Star Citizen’s own convention, CitizenCon, wrapped up yesterday with a presentation from Chris Roberts. Highlights included the unveiling of a new ship, gameplay, and a star-studded cinematic from Squadron 42, along with a look at the fledgling multiplayer persistent universe alpha of the game, which Chris Roberts says will be released “very soon.”

The presentation kicked off with a not so brief recap of the history of Star Citizen and Cloud Imperium Games, starting with the original announcement at Game Developers Conference 2012, through the release of the Hangar and Arena Commander modules, all the way to the present day.

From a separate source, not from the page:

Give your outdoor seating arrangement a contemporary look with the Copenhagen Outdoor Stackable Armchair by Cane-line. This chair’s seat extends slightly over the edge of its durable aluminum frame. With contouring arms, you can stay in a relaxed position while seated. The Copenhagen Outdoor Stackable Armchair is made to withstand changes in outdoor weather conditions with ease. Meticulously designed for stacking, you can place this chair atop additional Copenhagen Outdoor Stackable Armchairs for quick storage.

Each milestone was accompanied by numbers showing the growth of staff and backer accounts. As far as these things go it was kind of average, but seemed to serve the purpose of amping up the crowd that was already chanting Sandi Gardiner’s name following an emotional, personal address.

This segued into CIG Head Honcho Chris Roberts’ keynote. Roberts began by thanking his team’s hard work for making the game possible, and talked about the plans for future Star Citizen releases, beginning with the upcoming Alpha 1.3 release. Star Citizen 1.3 should be internally tested next week and in backers hands shortly afterward. In terms of features, the next release will have two new weapons: the size 4 Behring Ballistic Cannon, and the size 2 Apocalypse Arms Mass Driver. It will also have more emotes, a character loadout selection in the hangar, Arccorp additions (most notably, the ability to drive buggies around the multiplayer zone), improved chat and augmented reality, an increased player count, and better netcode.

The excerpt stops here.